- Supplied material -
>>>>>
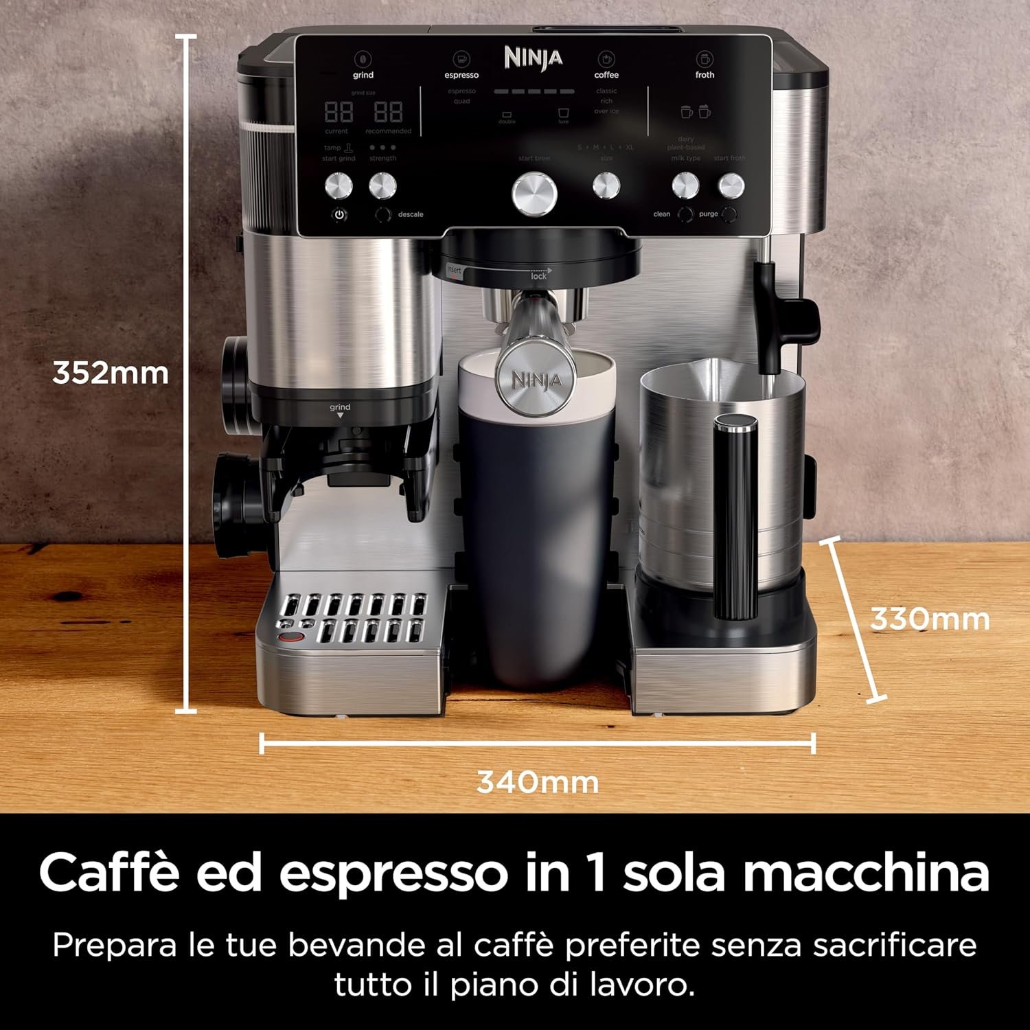 - 2 MACCHINE IN 1: Goditi i tuoi caffè preferiti comodamente a casa con questa macchina per espresso e caffè filtro, tutto in uno. Include anche un macinacaffè integrato, un montalatte e un portafiltro con cestelli Double e Luxe
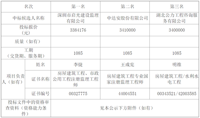 松滋市金投·新城壹品建設項目第三標段監(jiān)理松滋市金投·新城壹品建設項目第三標段監(jiān)理于2019年09月04日在湖北省電子招投標交易平臺發(fā)布招標公告,2019年09月27日在開標室(1)開標,并于2019年09月27日完成評標工作。根據(jù)評標委員會提交的評標報告,湖北松滋金投置業(yè)有限公司已經(jīng)確認評標結果,現(xiàn)進行評標結果公示。
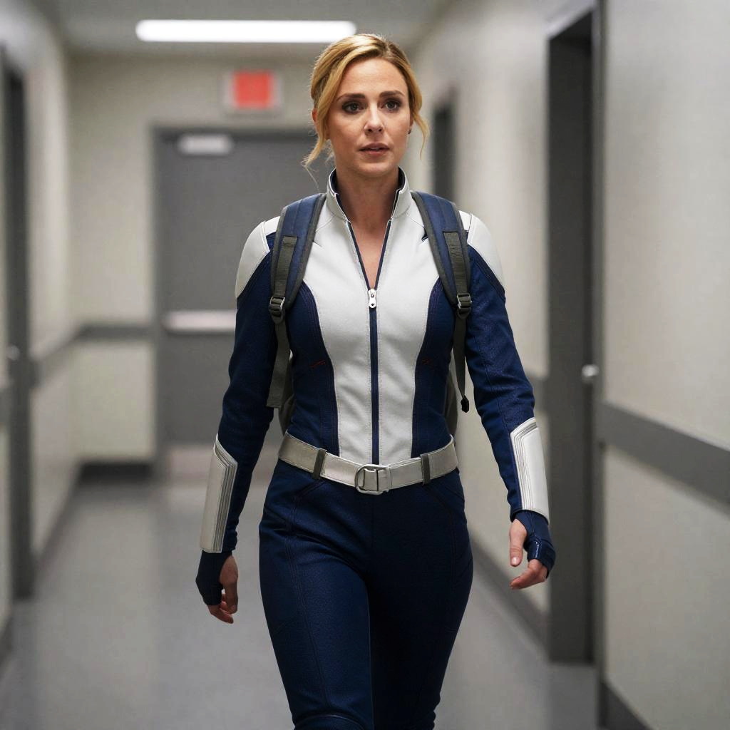 Rescue Pepper Potts Costume, woman with a backpack walking down a hallway
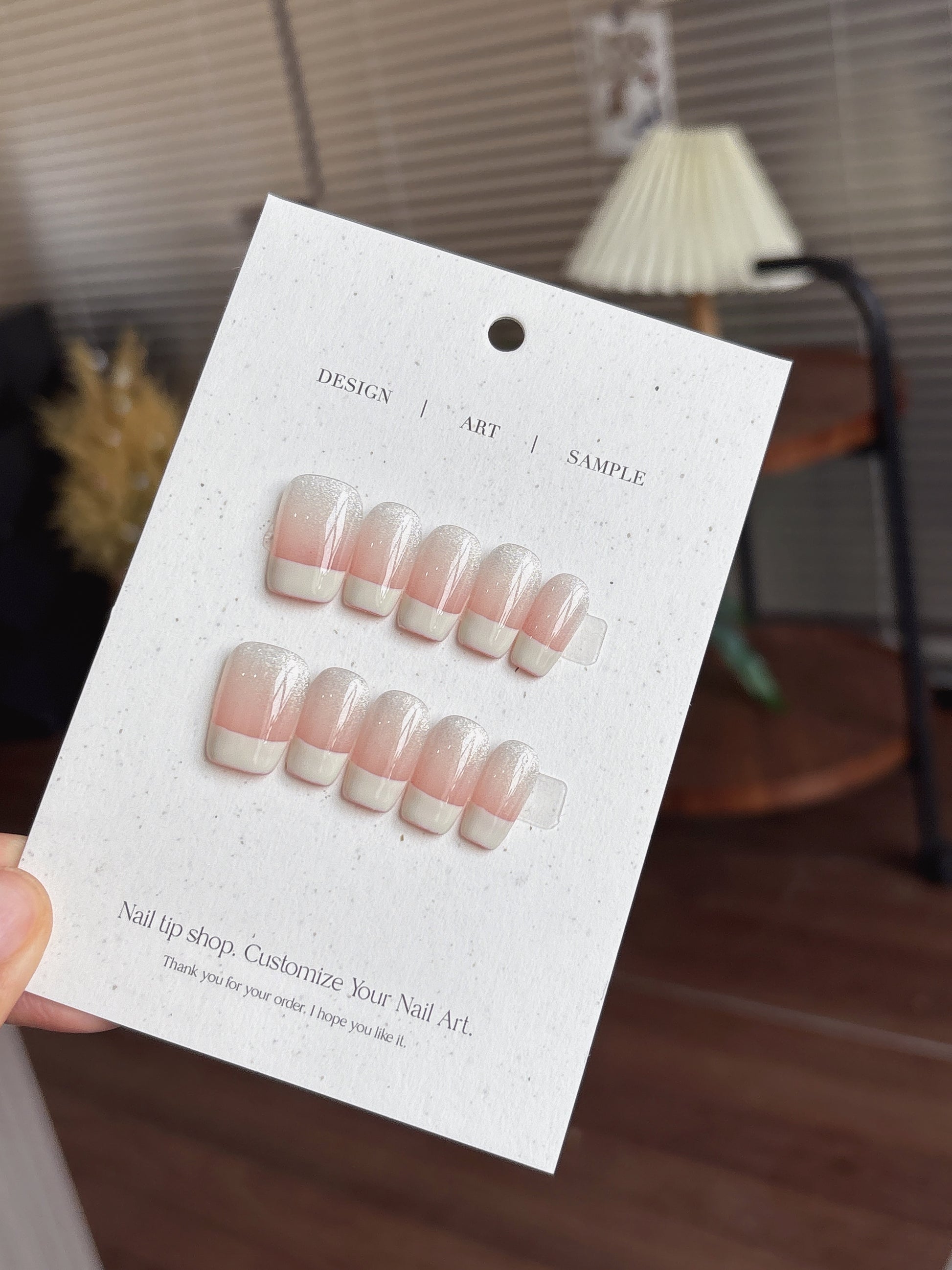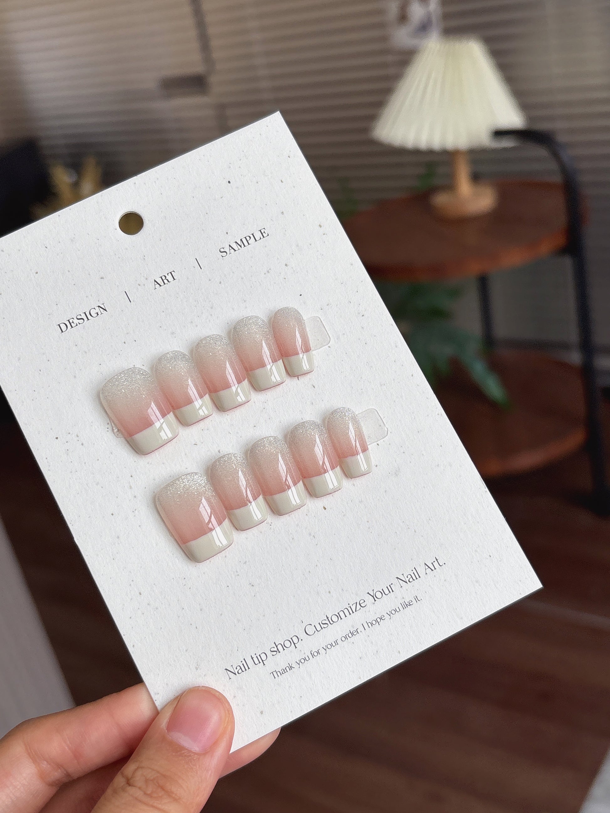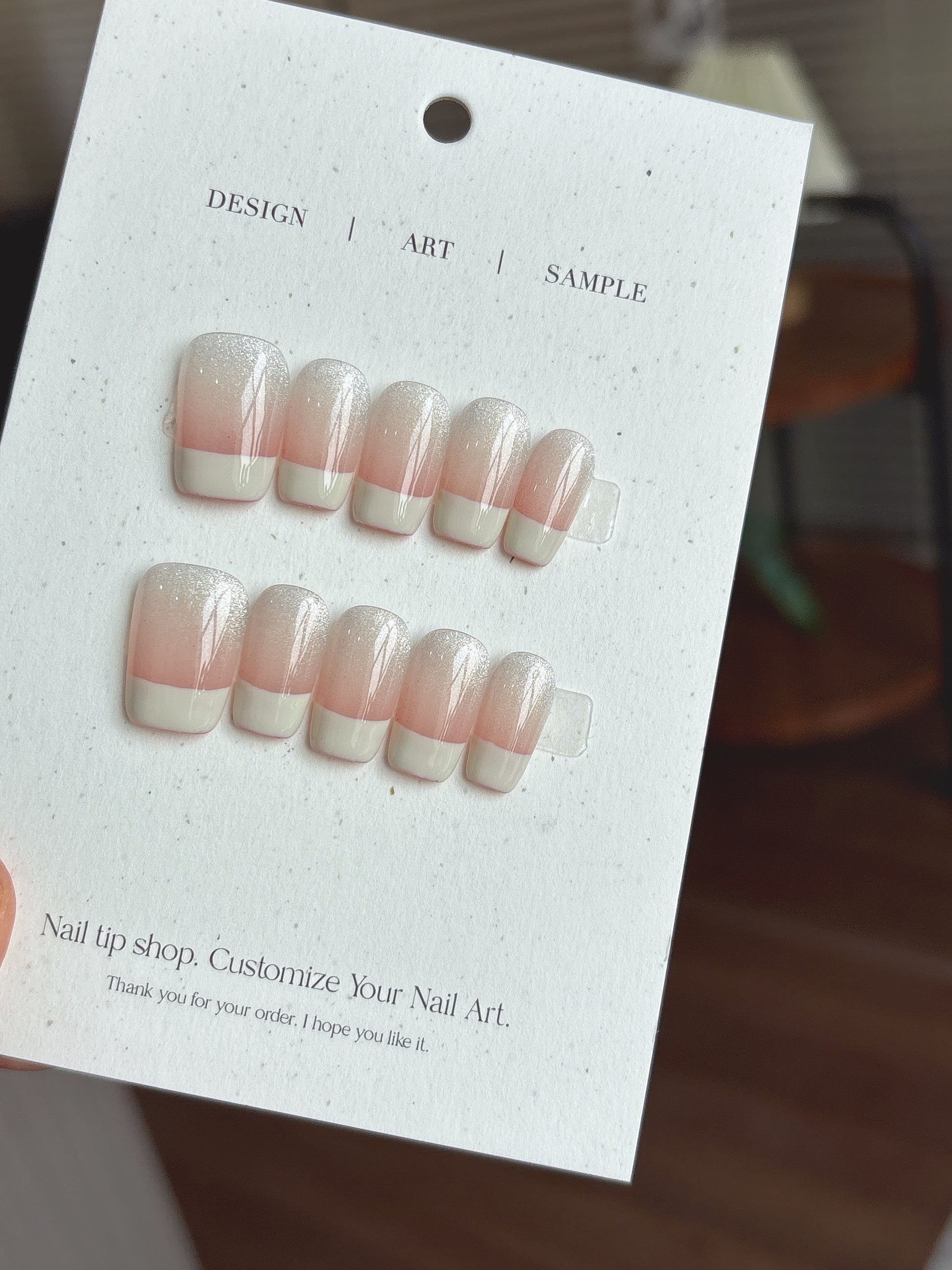 🌸 設計元素:漸變粉白、微閃珠光、簡約法式感
<<<<<
- Exercise prompt -
Print the complete listing exactly, apart from any pictures.

- Solution below -
 - 2 MACCHINE IN 1: Goditi i tuoi caffè preferiti comodamente a casa con questa macchina per espresso e caffè filtro, tutto in uno. Include anche un macinacaffè integrato, un montalatte e un portafiltro con cestelli Double e Luxe
 松滋市金投·新城壹品建設項目第三標段監(jiān)理松滋市金投·新城壹品建設項目第三標段監(jiān)理于2019年09月04日在湖北省電子招投標交易平臺發(fā)布招標公告,2019年09月27日在開標室(1)開標,并于2019年09月27日完成評標工作。根據(jù)評標委員會提交的評標報告,湖北松滋金投置業(yè)有限公司已經(jīng)確認評標結果,現(xiàn)進行評標結果公示。
 Rescue Pepper Potts Costume, woman with a backpack walking down a hallway
 🌸 設計元素:漸變粉白、微閃珠光、簡約法式感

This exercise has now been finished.